Recently uncovered historical records indicate that E.J. Turner, along with other Grace area ranchers, founded and constructed the Last Chance Canal to provide irrigation in this otherwise arid area of Idaho.  The canal's name derives from the fact that the ranchers felt the canal, which had undergone several unsuccessfully construction attempts over a number of years, was their "last chance" to survive and build economic futures for themselves in the area.   E.J. Turner served on the board of directors and as the first president of the Last Chance Canal Company from 1899 to 1904.  Today the Last Chance Canal still irrigates over 36,000 acres of southeast Idaho.
 
Rose Hine's parents (Kirt's grandparents):
Edward John Turner and Martha Hillman-Turner
probably in the late 1800's.

Edward and Martha were divorced in 1903.    Martha would move to western Idaho where she lived with some of her younger children near Weiser.  Later she would move with her sons Edward and Frederick to the town of Jerome in central Idaho where she passed away in 1935.  She is buried in the Jerome Cemetery.

Edward John Turner stayed in the Gentile Valley near Grace and in 1911 married Marian Adelaide Cole.  Edward died on October 31, 1916 in San Diego, California where he and Marian were either vacationing or had possible just moved to retire.  He is buried near his childhood home in Janesville, Wisconsin in the Oak Hill Cemetery.
 


More About Kirt's Parents

Homer and Rose Hine, having married in 1910 in Spokane, WA, had their first child, a daughter they named Ruth Emma, on December 28th, 1911 in Seattle and photographic evidence suggests that the Hine family moved into a new home in 1912 at 707 23rd Ave.

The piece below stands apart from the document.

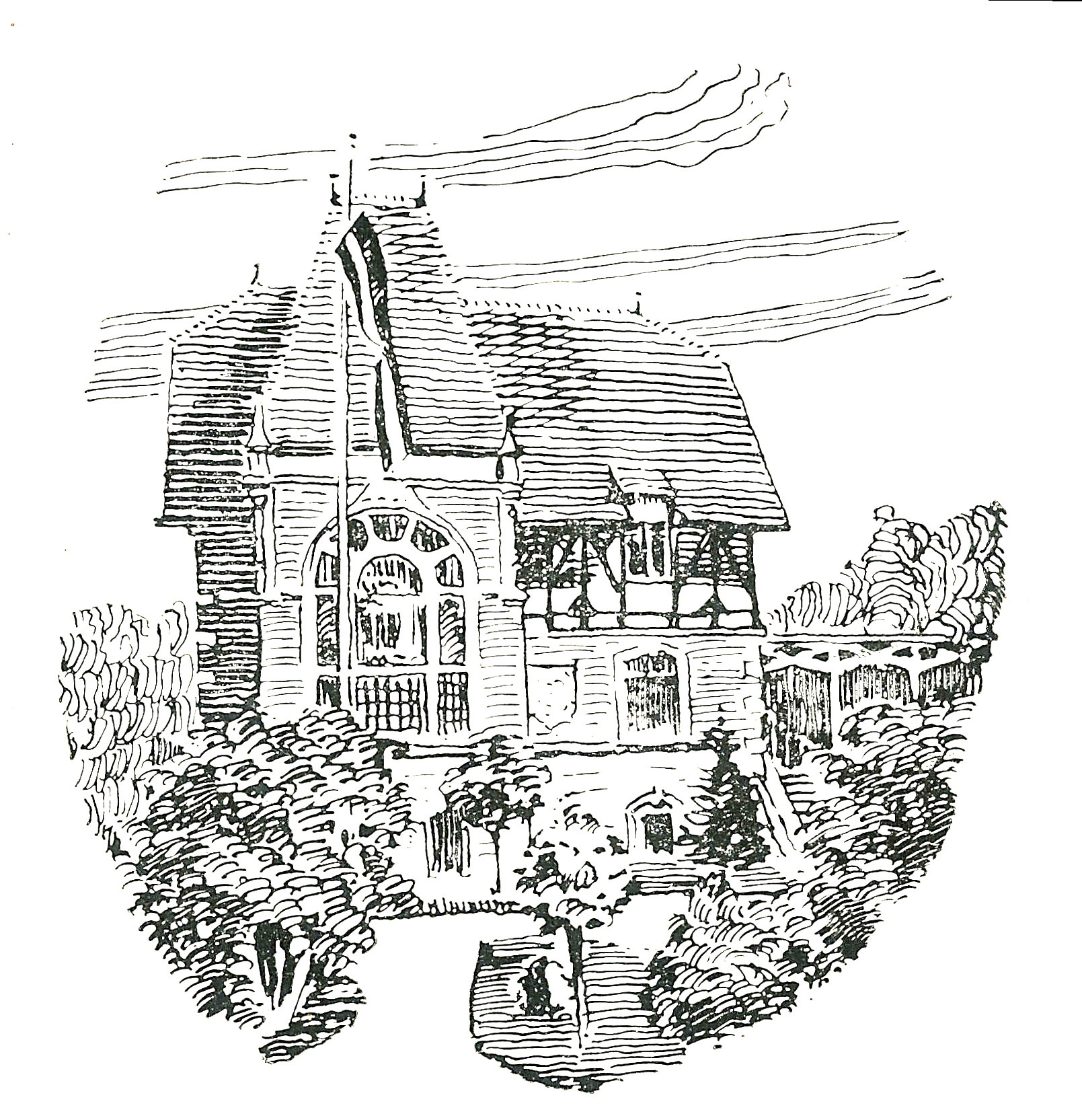 Former house of former student fraternity Corps Guestphalia Jena (Germany), Wagnergasse 26a

North in the Capital Hill area of Seattle.   Around 1916 the Hines moved to Mt. Vernon for a year or two where their second (and last) child , Edward Kirtland Hine ("Kirt"), was born and where Homer temporarily owned  the Dodge automobile dealership.   It is apparent that the family did not sell their Seattle home during the period they spent in Mt. Vernon because the moved back into it after the brief adventure into the auto business.

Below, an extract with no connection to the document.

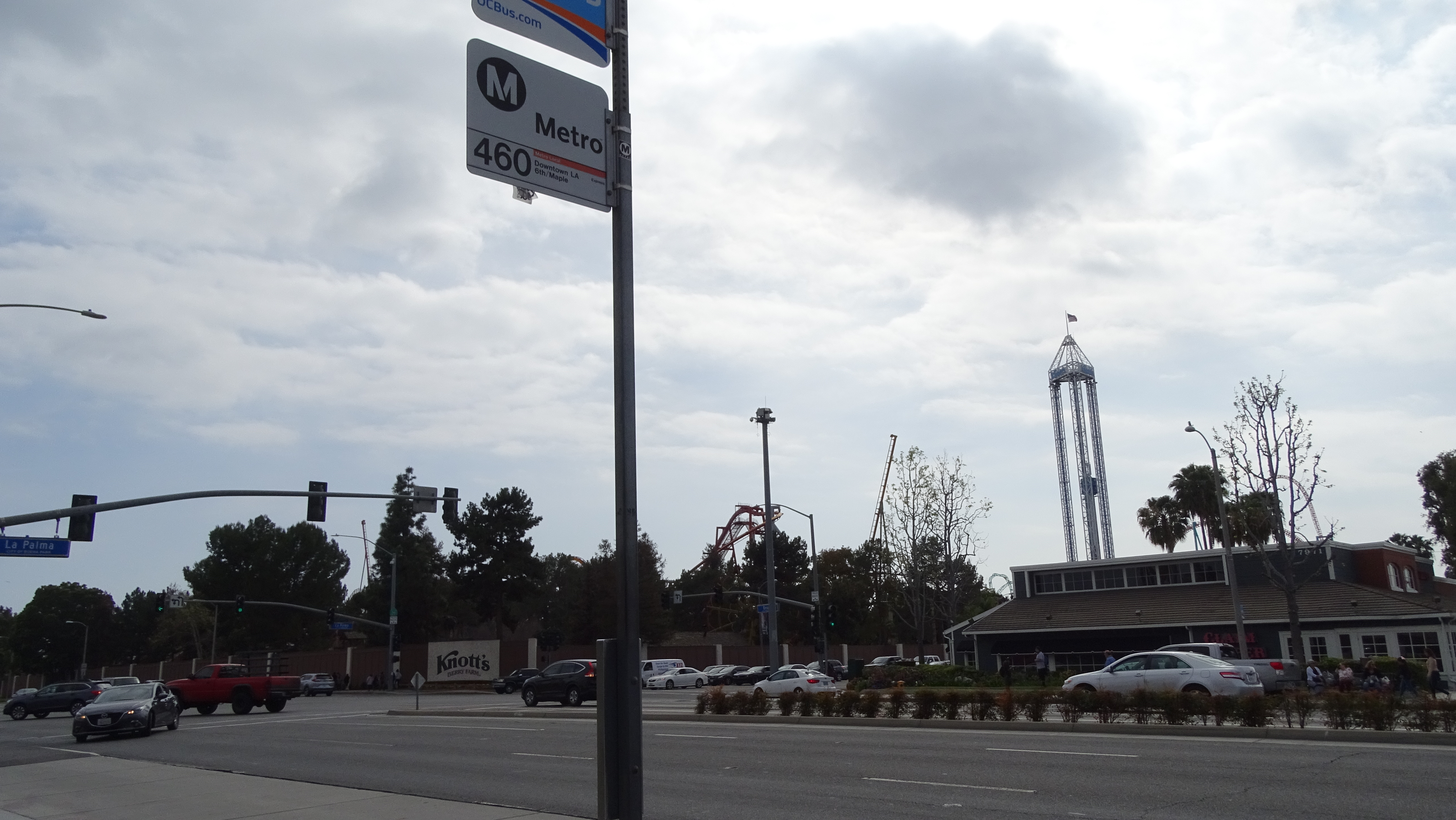 Metro Express Line 460 at Knotts Berry Farm

By 1927 business must have been good at Homer's half owned Salmon Bay Sand and Gravel Company because in this year the Hine family moved into a large brand new home at 1204 Parkside Drive in Broadmoor, an exclusive and gated Seattle community.    Both of the Hine children attended private high schools, Ruth the Stevens School and Kirt the Lakeside School.   The Great Depression apparently squeezed the family finances but Homer was able to keep the kids in school and hold onto the home in Broadmoor.   By the mid 1930's when he had reached his early 60's Homer became semi-retired perhaps partly due to the slowdown in business caused by the depression.  He spent a part of each day for many years starting in the 1930's at the exclusive Arctic Club, an adventurers and gentleman's social club not far from his home in Seattle.

Homer passed away at the age of 84 in 1958.   Rose passed away in 1967 at the age of 92 having lived in the Broadmoor home for 40 years.  Both are buried in the Riverside Cemetery, Poland, Ohio with Homer's parents and many other Hine and Kirtland ancestors.